Collection entries:
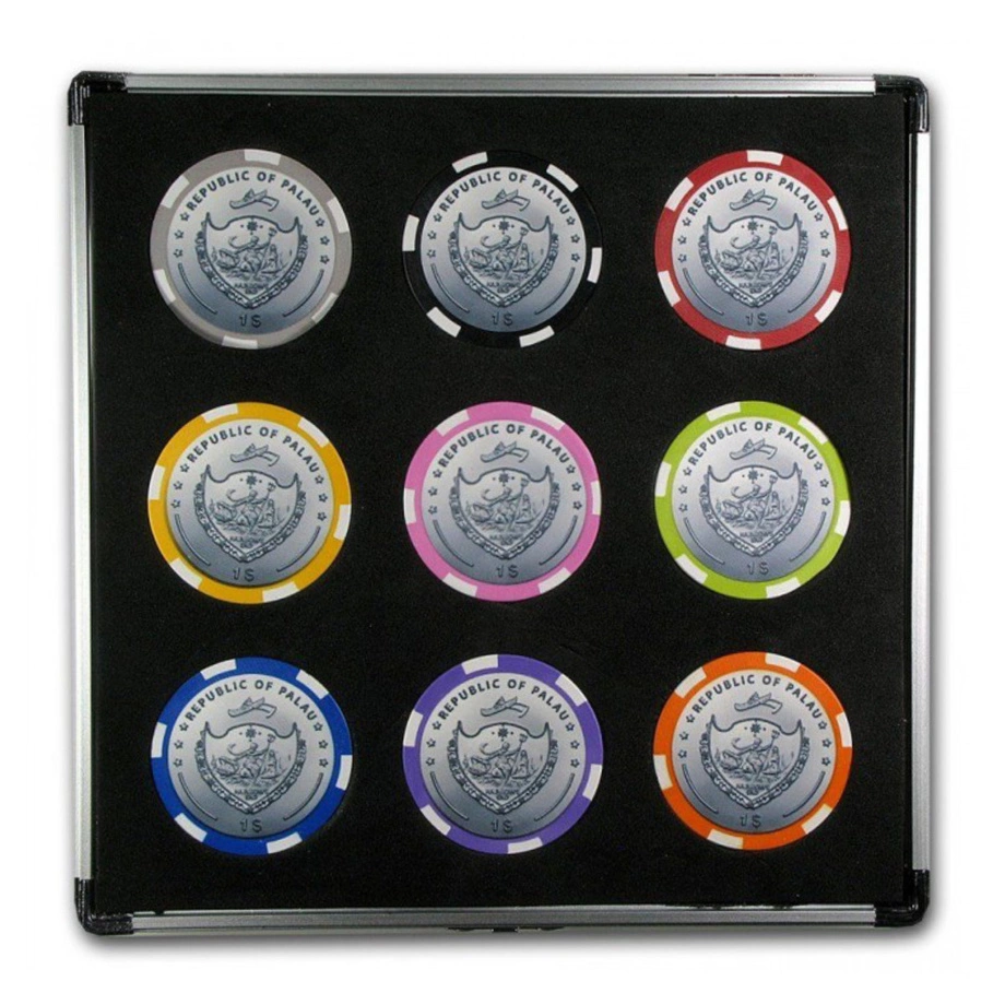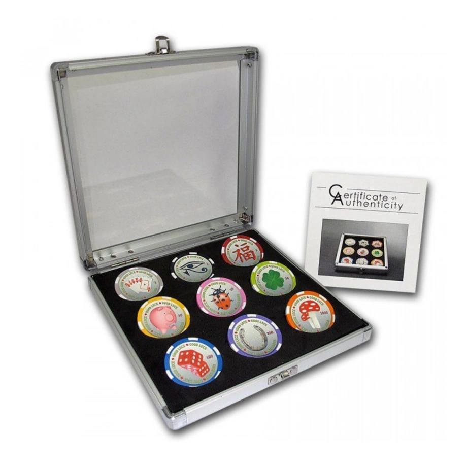 Zestaw dostarczany jest w aluminiowej kasecie z przezroczystym wiekiem, przypominającym etui do żetonów pokera, co podkreśla tematykę kolekcji. Opakowanie zapewnia bezpieczne przechowywanie oraz efektowną prezentację wszystkich dziewięciu monet. Każda moneta umieszczona jest przeznaczonym do tego schowku. Do zestawu dołączony jest certyfikat autentyczności autoryzowany przez Ministerstwo Finansów Republiki Palau. Dla kolekcjonerów poszukujących niezwykłych, tematycznych emisji o ograniczonym nakładzie stanowi to doskonałą pozycję łączącą wartość numizmatyczną z artystycznym wyrazem motywów szczęścia.
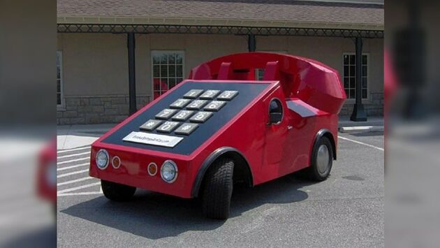 The Phone Car действительно внешне является практически точной копией телефонного аппарата. Идея необычного транспортного средства появилась у энтузиаста Говарда Дэвиса. Натолкнул на нее рядовой офисный кнопочный телефон. И вот в 1983 году Дэвис совместно с механиком из Бостона Дэйвом Хантрессом представили миру The Phone Car. Работа над машиной заняла примерно полтора года. За основу был взят Volkswagen Beetle 1975 года, купленный Дэвисом всего за 125 долларов. Техническую часть не меняли, но вот алюминиевый кузов в виде телефона автомобиль получил новый. В роли лобового стекла выступает затонированная черная панель с нанесенными на нее изображениями символических клавиш. Понятно, что при этом немного затруднен обзор для водителя и пассажиров. Вполне естественно, что сигналом клаксона служит звонок. Кстати, и номерной знак автомобиль имеет соответствующий - PHONE. Машина имеет право передвигаться по дорогам и часто является участником многочисленных шоу. Кроме того, ее берут в аренду на праздники. Интересно, что за все время The Phone Car не был объектом внимания полиции. Единственная неприятность случилось с оригинальным автомобилем в 2011 году. В гараже крыша не справилась со снегом и повредила авто.
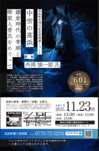① 記念講演会「中世の高浜~鎌倉時代の青郷と御家人青氏をめぐって~」
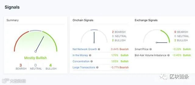 看跌信号是-0.44%的低“净网络增长率”。该指标使用新地址减去趋于零的地址来计算市场的真实增长。另一个看跌因素是“大宗交易”数量的下降(截至发稿时为下降0.77%),这意味着过去一天超过10万美元的链上交易数量减少。然而,大多数链上数据都是乐观的。
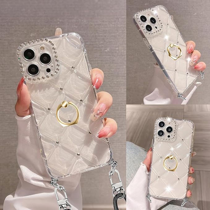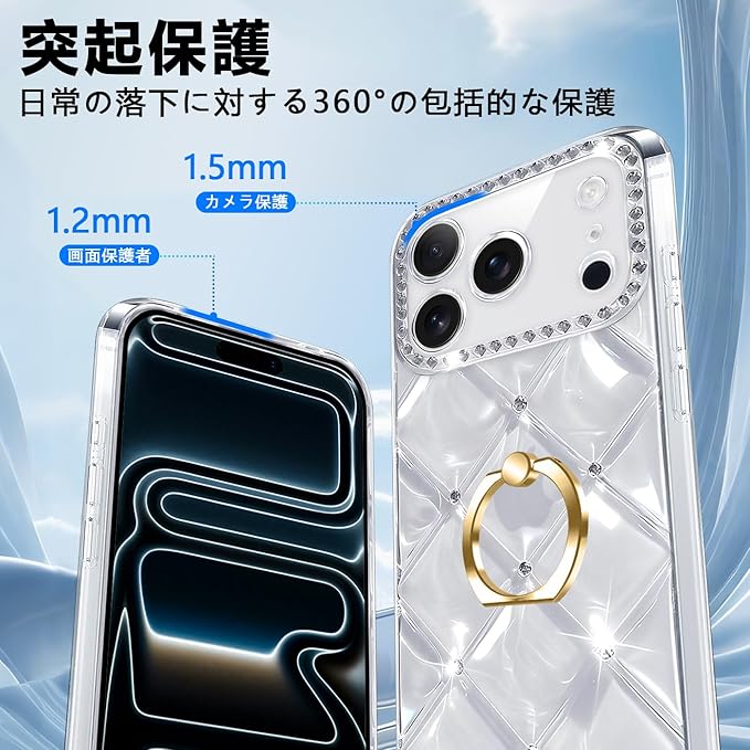 ケース iPhone 17 Pro Max クリア 用の 薄型 ひし形 ダイヤモンド ぴかぴか光る クリア いphone 17pro maxカバー 軽量 TPU ファッション アイフォン17 pro max スマホケース 首かけ 斜めがけ 調節可能 リング付き 360 回転 スタンド機能 耐衝撃 転倒防止 かんしょうほご 耐久性 黄変防止 ひっかき防止 レンズ保護スマホ (透明)

Task to complete
Images are to be left out when the records above are written out again exactly.

Written response
 Zestaw dostarczany jest w aluminiowej kasecie z przezroczystym wiekiem, przypominającym etui do żetonów pokera, co podkreśla tematykę kolekcji. Opakowanie zapewnia bezpieczne przechowywanie oraz efektowną prezentację wszystkich dziewięciu monet. Każda moneta umieszczona jest przeznaczonym do tego schowku. Do zestawu dołączony jest certyfikat autentyczności autoryzowany przez Ministerstwo Finansów Republiki Palau. Dla kolekcjonerów poszukujących niezwykłych, tematycznych emisji o ograniczonym nakładzie stanowi to doskonałą pozycję łączącą wartość numizmatyczną z artystycznym wyrazem motywów szczęścia.
 The Phone Car действительно внешне является практически точной копией телефонного аппарата. Идея необычного транспортного средства появилась у энтузиаста Говарда Дэвиса. Натолкнул на нее рядовой офисный кнопочный телефон. И вот в 1983 году Дэвис совместно с механиком из Бостона Дэйвом Хантрессом представили миру The Phone Car. Работа над машиной заняла примерно полтора года. За основу был взят Volkswagen Beetle 1975 года, купленный Дэвисом всего за 125 долларов. Техническую часть не меняли, но вот алюминиевый кузов в виде телефона автомобиль получил новый. В роли лобового стекла выступает затонированная черная панель с нанесенными на нее изображениями символических клавиш. Понятно, что при этом немного затруднен обзор для водителя и пассажиров. Вполне естественно, что сигналом клаксона служит звонок. Кстати, и номерной знак автомобиль имеет соответствующий - PHONE. Машина имеет право передвигаться по дорогам и часто является участником многочисленных шоу. Кроме того, ее берут в аренду на праздники. Интересно, что за все время The Phone Car не был объектом внимания полиции. Единственная неприятность случилось с оригинальным автомобилем в 2011 году. В гараже крыша не справилась со снегом и повредила авто.
① 記念講演会「中世の高浜~鎌倉時代の青郷と御家人青氏をめぐって~」
 看跌信号是-0.44%的低“净网络增长率”。该指标使用新地址减去趋于零的地址来计算市场的真实增长。另一个看跌因素是“大宗交易”数量的下降(截至发稿时为下降0.77%),这意味着过去一天超过10万美元的链上交易数量减少。然而,大多数链上数据都是乐观的。
 ケース iPhone 17 Pro Max クリア 用の 薄型 ひし形 ダイヤモンド ぴかぴか光る クリア いphone 17pro maxカバー 軽量 TPU ファッション アイフォン17 pro max スマホケース 首かけ 斜めがけ 調節可能 リング付き 360 回転 スタンド機能 耐衝撃 転倒防止 かんしょうほご 耐久性 黄変防止 ひっかき防止 レンズ保護スマホ (透明)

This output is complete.